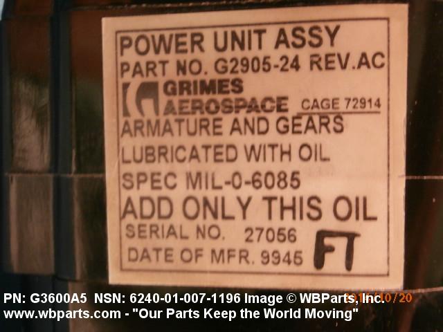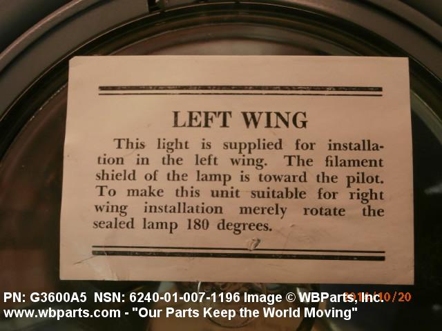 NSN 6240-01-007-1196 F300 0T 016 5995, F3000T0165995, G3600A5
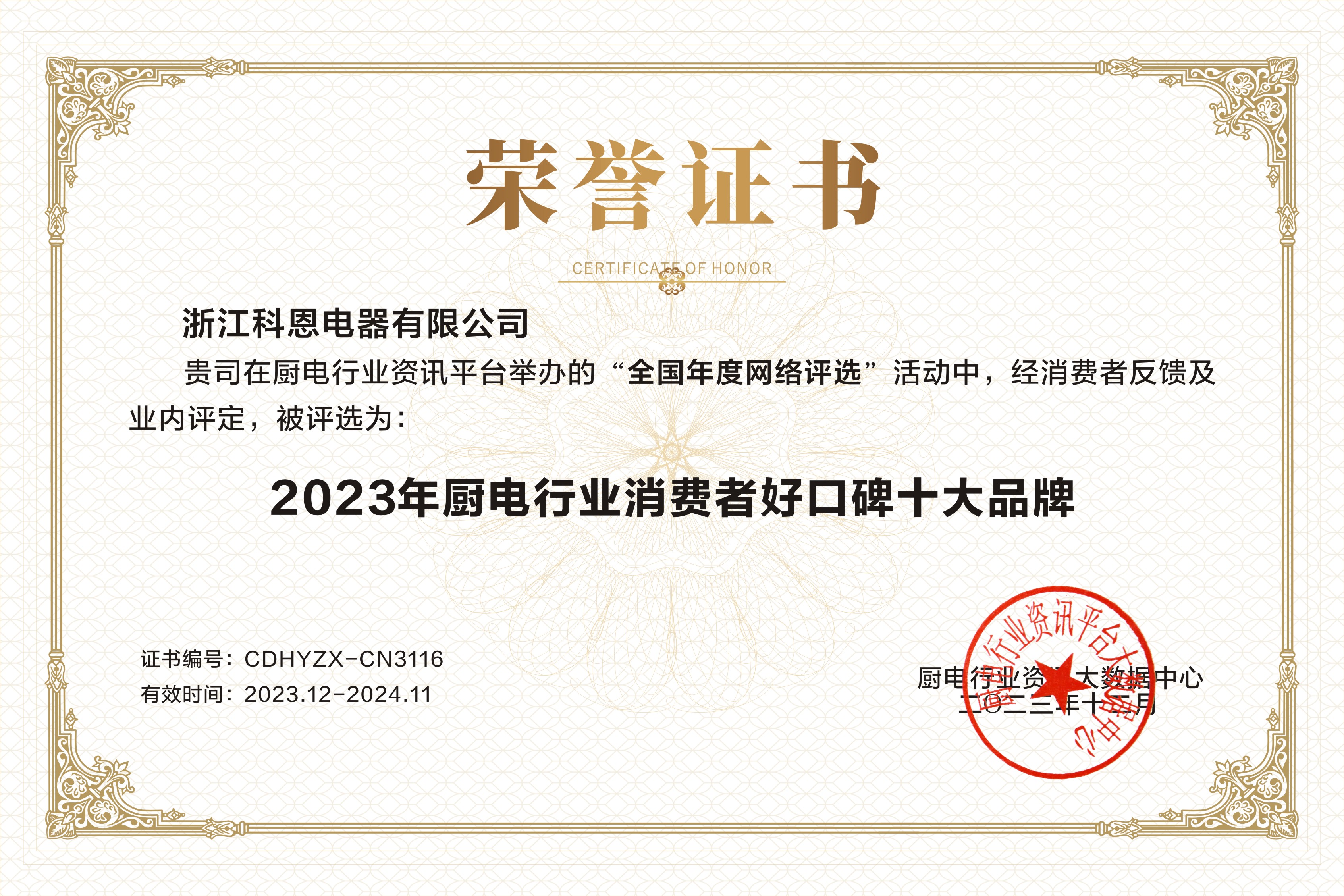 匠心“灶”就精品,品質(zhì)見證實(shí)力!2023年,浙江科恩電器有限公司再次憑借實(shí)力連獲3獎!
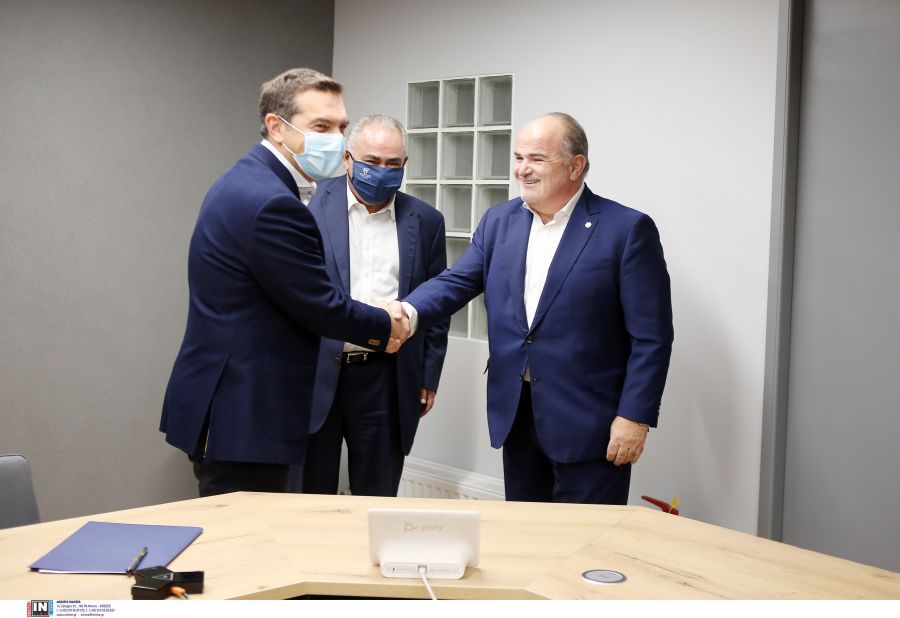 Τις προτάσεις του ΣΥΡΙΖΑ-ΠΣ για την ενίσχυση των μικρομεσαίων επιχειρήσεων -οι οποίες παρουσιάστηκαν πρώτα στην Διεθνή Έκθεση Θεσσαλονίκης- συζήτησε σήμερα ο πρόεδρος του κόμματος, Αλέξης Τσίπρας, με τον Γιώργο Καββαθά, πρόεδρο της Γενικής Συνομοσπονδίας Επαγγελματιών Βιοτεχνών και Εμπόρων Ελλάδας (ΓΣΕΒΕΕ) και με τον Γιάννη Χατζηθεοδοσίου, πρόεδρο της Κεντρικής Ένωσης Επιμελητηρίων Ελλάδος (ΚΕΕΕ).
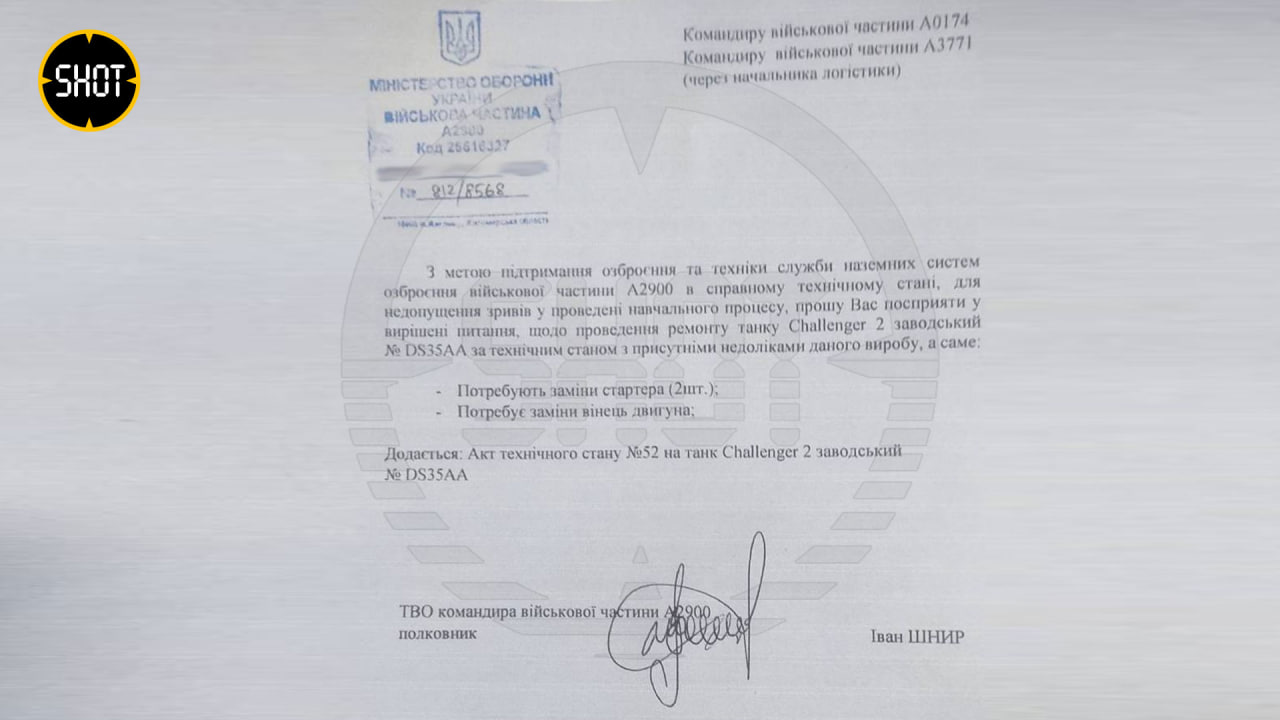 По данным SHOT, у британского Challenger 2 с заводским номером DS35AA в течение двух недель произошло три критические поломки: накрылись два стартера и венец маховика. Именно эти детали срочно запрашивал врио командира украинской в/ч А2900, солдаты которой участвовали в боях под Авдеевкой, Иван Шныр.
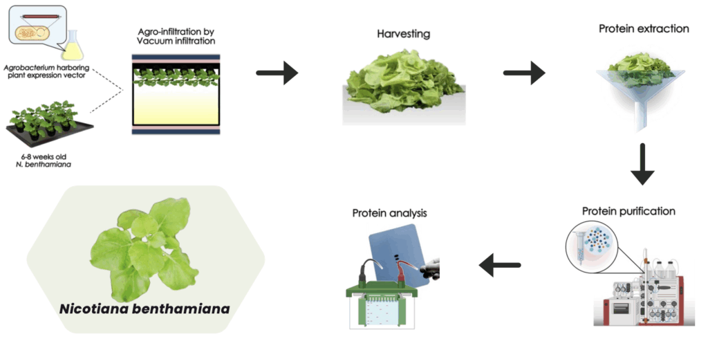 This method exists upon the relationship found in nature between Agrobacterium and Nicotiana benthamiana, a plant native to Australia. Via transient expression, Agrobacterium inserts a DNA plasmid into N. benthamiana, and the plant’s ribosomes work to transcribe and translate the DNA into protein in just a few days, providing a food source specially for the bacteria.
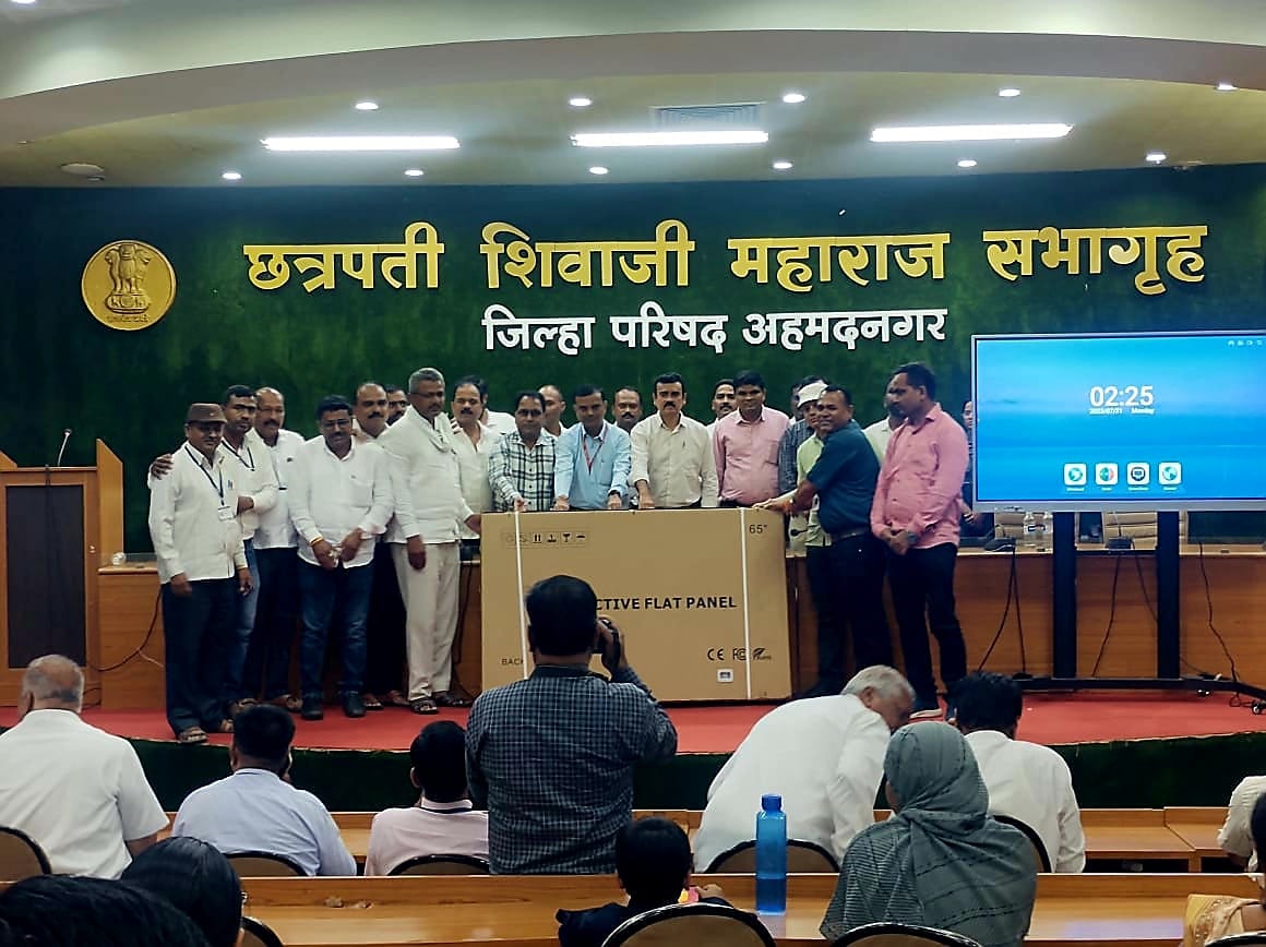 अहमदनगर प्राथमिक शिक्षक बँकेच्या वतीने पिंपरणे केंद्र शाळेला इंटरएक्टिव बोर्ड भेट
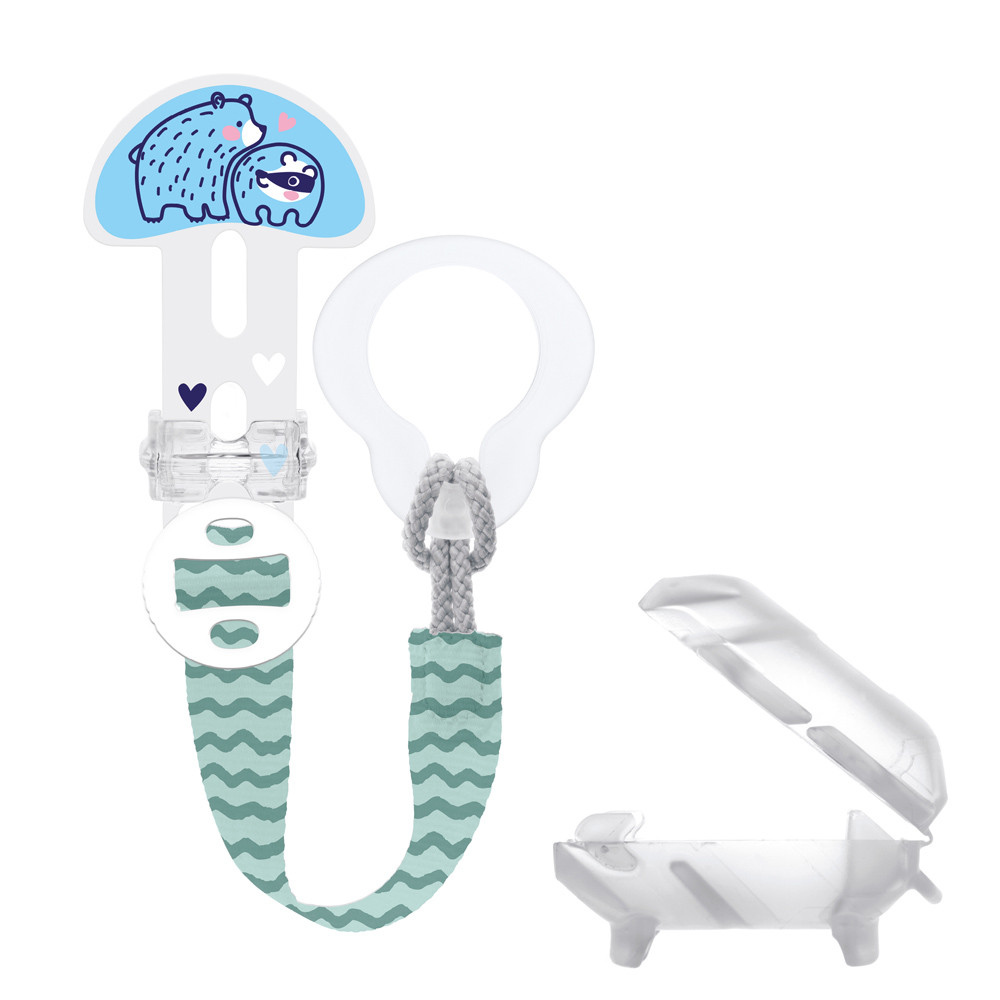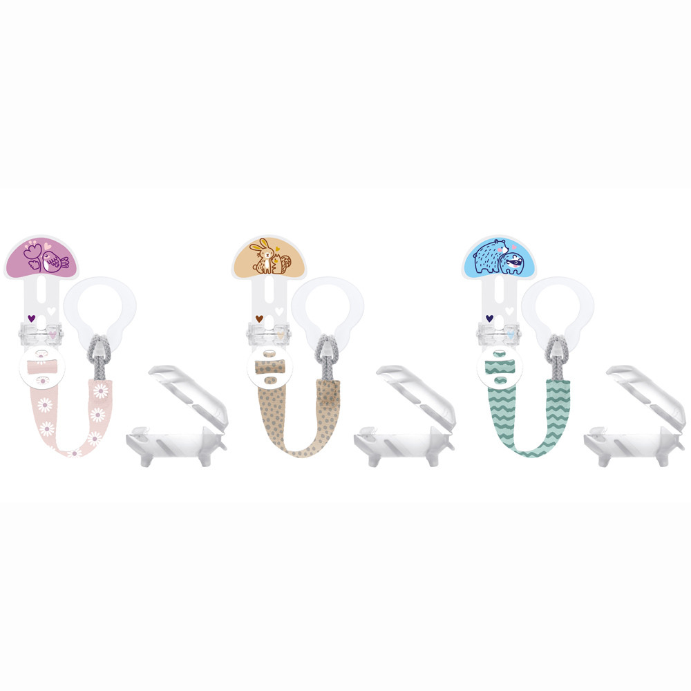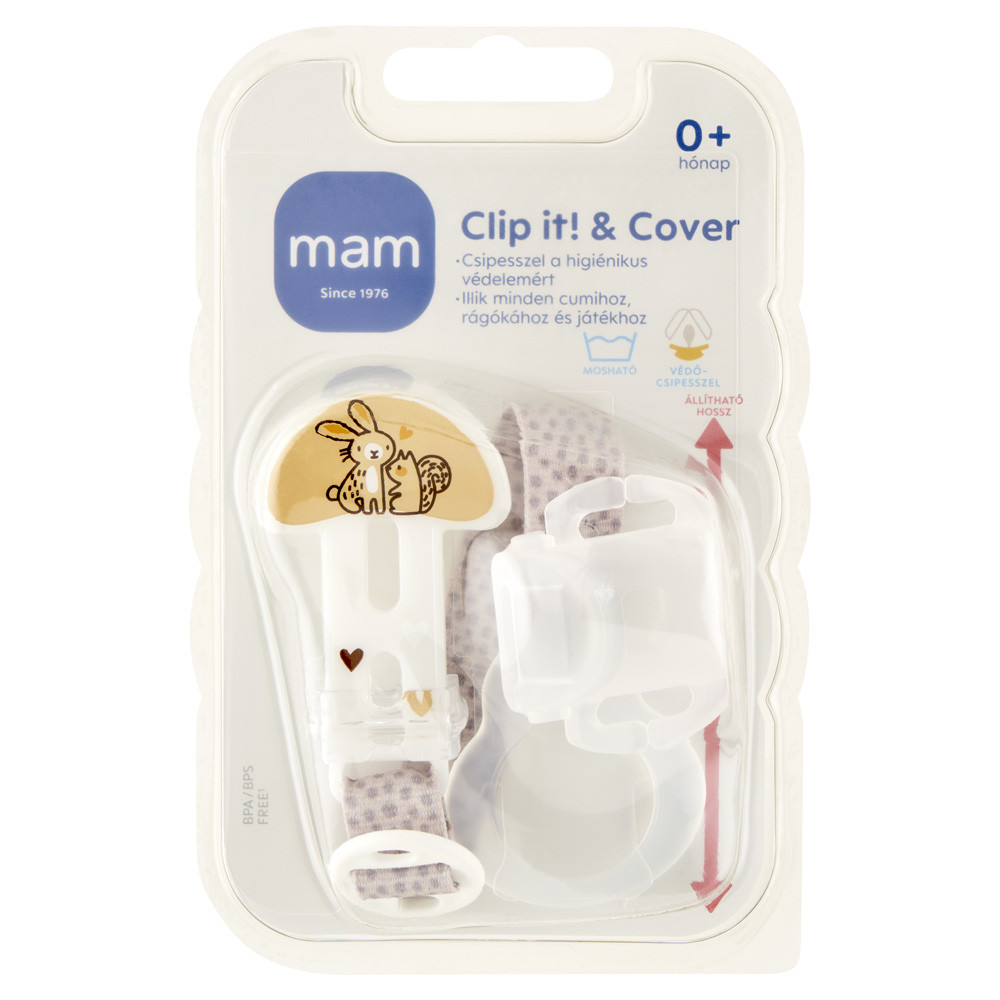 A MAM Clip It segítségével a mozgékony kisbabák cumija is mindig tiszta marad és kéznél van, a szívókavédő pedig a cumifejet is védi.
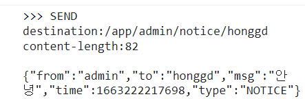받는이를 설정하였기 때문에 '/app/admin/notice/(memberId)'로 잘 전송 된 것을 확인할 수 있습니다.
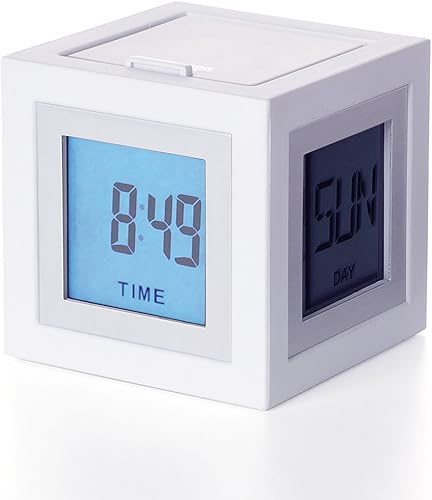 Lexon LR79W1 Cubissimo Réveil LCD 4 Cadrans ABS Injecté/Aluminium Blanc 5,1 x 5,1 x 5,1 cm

☆ ☆ ☆ ☆ ☆

## WHAT TO DO
What is needed is the whole listing again, exactly as written, with the images left out.

## SOLUTION BELOW
 NSN 6240-01-007-1196 F300 0T 016 5995, F3000T0165995, G3600A5
 匠心“灶”就精品,品質(zhì)見證實(shí)力!2023年,浙江科恩電器有限公司再次憑借實(shí)力連獲3獎!
 Τις προτάσεις του ΣΥΡΙΖΑ-ΠΣ για την ενίσχυση των μικρομεσαίων επιχειρήσεων -οι οποίες παρουσιάστηκαν πρώτα στην Διεθνή Έκθεση Θεσσαλονίκης- συζήτησε σήμερα ο πρόεδρος του κόμματος, Αλέξης Τσίπρας, με τον Γιώργο Καββαθά, πρόεδρο της Γενικής Συνομοσπονδίας Επαγγελματιών Βιοτεχνών και Εμπόρων Ελλάδας (ΓΣΕΒΕΕ) και με τον Γιάννη Χατζηθεοδοσίου, πρόεδρο της Κεντρικής Ένωσης Επιμελητηρίων Ελλάδος (ΚΕΕΕ).
 По данным SHOT, у британского Challenger 2 с заводским номером DS35AA в течение двух недель произошло три критические поломки: накрылись два стартера и венец маховика. Именно эти детали срочно запрашивал врио командира украинской в/ч А2900, солдаты которой участвовали в боях под Авдеевкой, Иван Шныр.
 This method exists upon the relationship found in nature between Agrobacterium and Nicotiana benthamiana, a plant native to Australia. Via transient expression, Agrobacterium inserts a DNA plasmid into N. benthamiana, and the plant’s ribosomes work to transcribe and translate the DNA into protein in just a few days, providing a food source specially for the bacteria.
 अहमदनगर प्राथमिक शिक्षक बँकेच्या वतीने पिंपरणे केंद्र शाळेला इंटरएक्टिव बोर्ड भेट
 A MAM Clip It segítségével a mozgékony kisbabák cumija is mindig tiszta marad és kéznél van, a szívókavédő pedig a cumifejet is védi.
받는이를 설정하였기 때문에 '/app/admin/notice/(memberId)'로 잘 전송 된 것을 확인할 수 있습니다.
 Lexon LR79W1 Cubissimo Réveil LCD 4 Cadrans ABS Injecté/Aluminium Blanc 5,1 x 5,1 x 5,1 cm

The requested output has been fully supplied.